In order to get the length of the list use the size method:

println myList.size()

Learn more about lists:

Maps

Maps are used to store associative arrays (also known as dictionaries). They are unordered collections of heterogeneous, named data:

scores = ["Brett": 100, "Pete": "Did not finish", "Andrew": 86.87934]

Note that each of the values stored in the map can be of a different type. Brett is an integer, Pete is a string, and Andrew is a floating-point number.

We can access the values in a map in two main ways:

println scores["Pete"]
println scores.Pete

To add data to or modify a map, the syntax is similar to adding values to list:

scores["Pete"] = 3
scores["Cedric"] = 120

You can also use the + operator to add two maps together:

new_scores = scores + ["Pete": 3, "Cedric": 120]

When adding two maps, the first map is copied and then appended with the keys from the second map. Any conflicting keys are overwritten by the second map.

Tip

Copying a map with the + operator is a safer way to modify maps in Nextflow, specifically when passing maps through channels. This way, a new instance of the map will be created, and any references to the original map won’t be affected.

Learn more about maps:

Multiple assignment

An array or a list object can used to assign to multiple variables at once:

(a, b, c) = [10, 20, 'foo']
assert a == 10 && b == 20 && c == 'foo'

The three variables on the left of the assignment operator are initialized by the corresponding item in the list.

Read more about Multiple assignment in the Groovy documentation.

Conditional execution

One of the most important features of any programming language is the ability to execute different code under different conditions. The simplest way to do this is to use the if construct:

x = Math.random()
if( x < 0.5 ) {
    println "You lost."
}
else {
    println "You won!"
}

Strings

Strings can be defined by enclosing text in single or double quotes (' or " characters):

println "he said 'cheese' once"
println 'he said "cheese!" again'

Strings can be concatenated with +:

a = "world"
print "hello " + a + "\n"

String interpolation

There is an important difference between single-quoted and double-quoted strings: Double-quoted strings support variable interpolations, while single-quoted strings do not.

In practice, double-quoted strings can contain the value of an arbitrary variable by prefixing its name with the $ character, or the value of any expression by using the ${expression} syntax, similar to Bash/shell scripts:

foxtype = 'quick'
foxcolor = ['b', 'r', 'o', 'w', 'n']
println "The $foxtype ${foxcolor.join()} fox"

x = 'Hello'
println '$x + $y'

This code prints:

The quick brown fox
$x + $y

Multi-line strings

A block of text that span multiple lines can be defined by delimiting it with triple single or double quotes:

text = """
    hello there James
    how are you today?
    """

Note

Like before, multi-line strings inside double quotes support variable interpolation, while single-quoted multi-line strings do not.
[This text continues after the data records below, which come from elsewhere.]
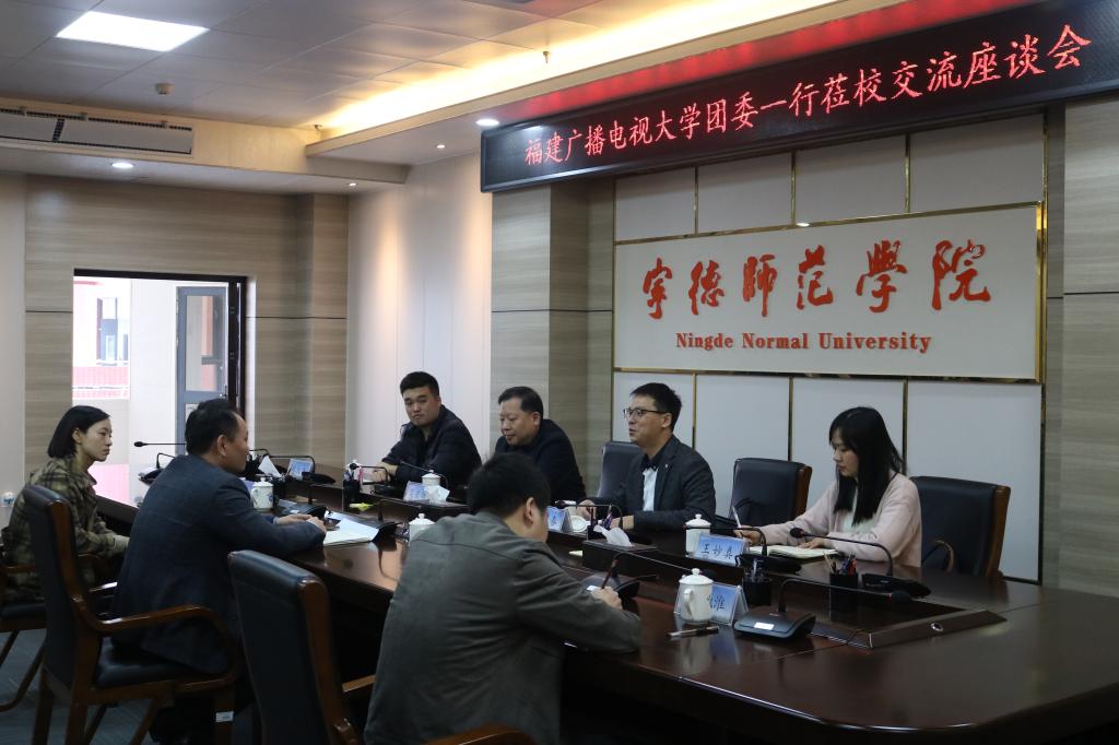 12月11日上午,福建广播电视大学团委书记黄生春率领福建广播电视大学团委、青年教职工一行十五人到我校参观交流。校团委全体人员参加了座谈会,宁德团市委副书记林妃、福建广播电视大学宁德分校团委书记余水淮陪同交流。
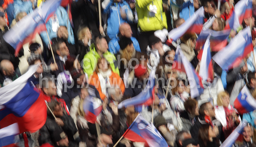 Kranjska Gora ,Slovenia - 06.03.2011 : Slovenian fans in finish of second run of Men slalom race of Audi FIS alpine skiing World Cup 2010-2011 in Kranjska Gora, Slovenia. Men slalom race of FIS alpine skiing World Championships, was held on Sunday, 6th of March 2011, in Kranjska Gora, Slovenia. Photo by: Primoz Jeroncic
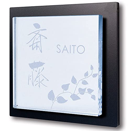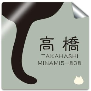 表札ミラーアクリルは、正方形の形状で黒台付き。選べるサイズと接着剤、両面テープが付属し、簡単に貼るだけで設置可能。屋外対応でマンションや戸建のポストプレートに最適です。

As in Bash/shell scripts, terminating a line in a multi-line string with a \ character prevents a newline character from separating that line from the one that follows:

myLongCmdline = """
    blastp \
    -in $input_query \
    -out $output_file \
    -db $blast_database \
    -html
    """

result = myLongCmdline.execute().text

In the preceding example, blastp and its -in, -out, -db and -html switches and their arguments are effectively a single line.

Warning

When using backslashes to continue a multi-line command, make sure to not put any spaces after the backslash, otherwise it will be interpreted by the Groovy lexer as an escaped space instead of a backslash, which will make your script incorrect. It will also print this warning:

unknown recognition error type: groovyjarjarantlr4.v4.runtime.LexerNoViableAltException

Regular expressions

Regular expressions are the Swiss Army knife of text processing. They provide the programmer with the ability to match and extract patterns from strings.

Regular expressions are available via the ~/pattern/ syntax and the =~ and ==~ operators.

Use =~ to check whether a given pattern occurs anywhere in a string:

assert 'foo' =~ /foo/       // return TRUE
assert 'foobar' =~ /foo/    // return TRUE

Use ==~ to check whether a string matches a given regular expression pattern exactly.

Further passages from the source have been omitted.